═══ EXERCISE DATA ═══
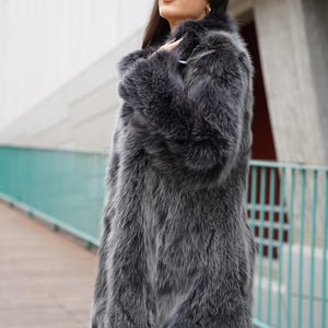 Luxurious Midnight Blue Fox Fur Collarless Jacket Medium Size Only
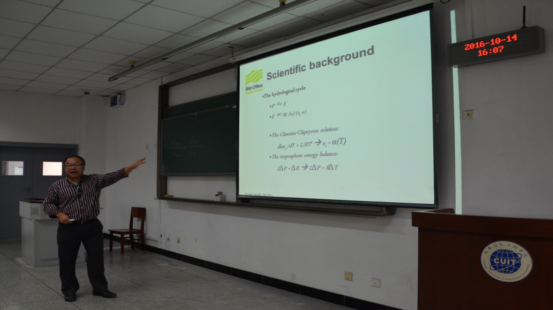 【本网讯】10月14日下午,英国气象局Hadley中心武培立教授应大气科学学院邀请,在1301教室做题为“Precipitation Response in Warming Climate”的学术讲座,讲座由吕世华教授主持。大气科学学院部分教师和研究生参加了此次讲座。
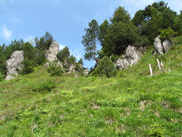 auf der 25'000 Wanderkarte ist der Weg unterbrochen (weglos) aufgezeichnet
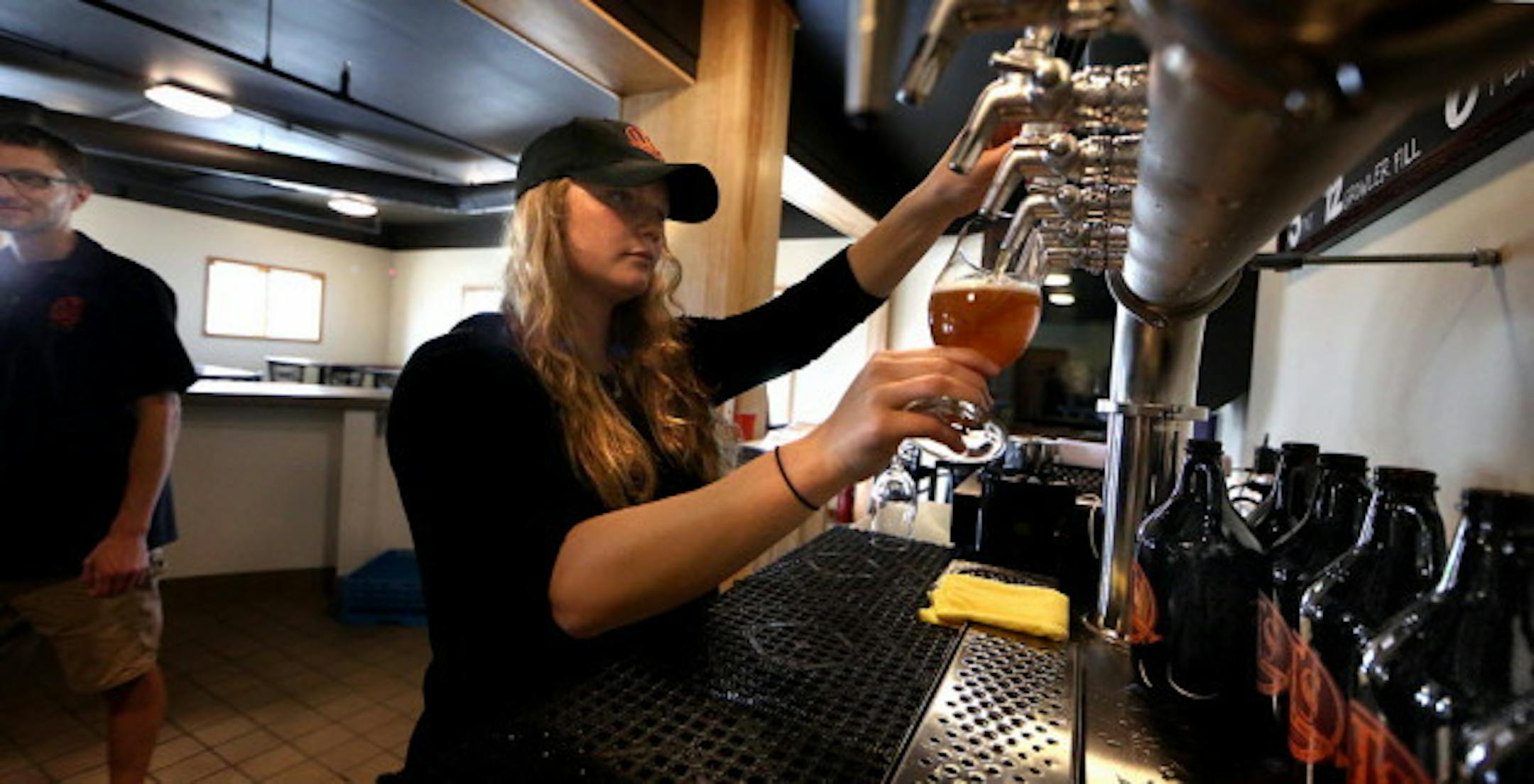 Photo: Tap room manager Carissa Darcy poured a beer, while attendant Ted Jedlicki looked on at LTS Brewing tap room in Rochester. Credit: JIM GEHRZ, STAR TRIBUNE.
═══
* [ACTIVITY] What is needed is an exact copy of the data, with the pictures removed.

* [ANSWER SPACE]
 Luxurious Midnight Blue Fox Fur Collarless Jacket Medium Size Only
 【本网讯】10月14日下午,英国气象局Hadley中心武培立教授应大气科学学院邀请,在1301教室做题为“Precipitation Response in Warming Climate”的学术讲座,讲座由吕世华教授主持。大气科学学院部分教师和研究生参加了此次讲座。
 auf der 25'000 Wanderkarte ist der Weg unterbrochen (weglos) aufgezeichnet
 Photo: Tap room manager Carissa Darcy poured a beer, while attendant Ted Jedlicki looked on at LTS Brewing tap room in Rochester. Credit: JIM GEHRZ, STAR TRIBUNE.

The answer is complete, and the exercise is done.